The bench observed, “Premji, a distinguished industrialist and the chairman and managing director of Wipro Ltd, has consistently demonstrated a commitment to ethical business practices and social responsibility. "The bench added, “In reflecting upon the character and contributions of the individual summoned before the court, it is imperative to consider the specifics of the case at hand and to also consider the broader context of the individual’s life and work. This court recognises the multifaceted nature of Premji, whose endeavours, both as an industrialist and a philanthropist, have left an impeccable mark on society. The case was closed in May 2024 by Allahabad High Court.

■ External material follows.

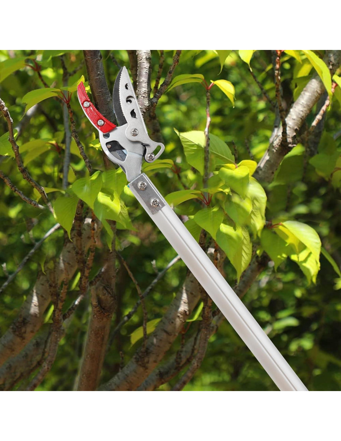 - [Cortador de Árbol de Mango Largo de 4.2 PIES] Con un robusto poste de aluminio, este cortador de mango largo extiende tu alcance a 51 pulgadas (129.54 cm), permitiéndote recortar arbustos y árboles altos de manera segura desde el suelo. Ideal como recortadora de árboles de largo alcance o tijeras de poda de largo alcance para jardinería, sin más necesidad de doblarse o esforzarse.

===Bengaluru traffic congestion===
In September 2025, the Karnataka government requested the use of a portion of Wipro's Sarjapur campus to alleviate severe traffic congestion on the Outer Ring Road. In a formal reply, Premji declined the request, citing "significant legal, governance, and statutory challenges" as the campus is a private property and a Special Economic Zone (SEZ). As an alternative, Premji proposed that Wipro would fund a significant portion of a comprehensive, expert-led study to develop a sustainable, long-term solution for the city's mobility issues.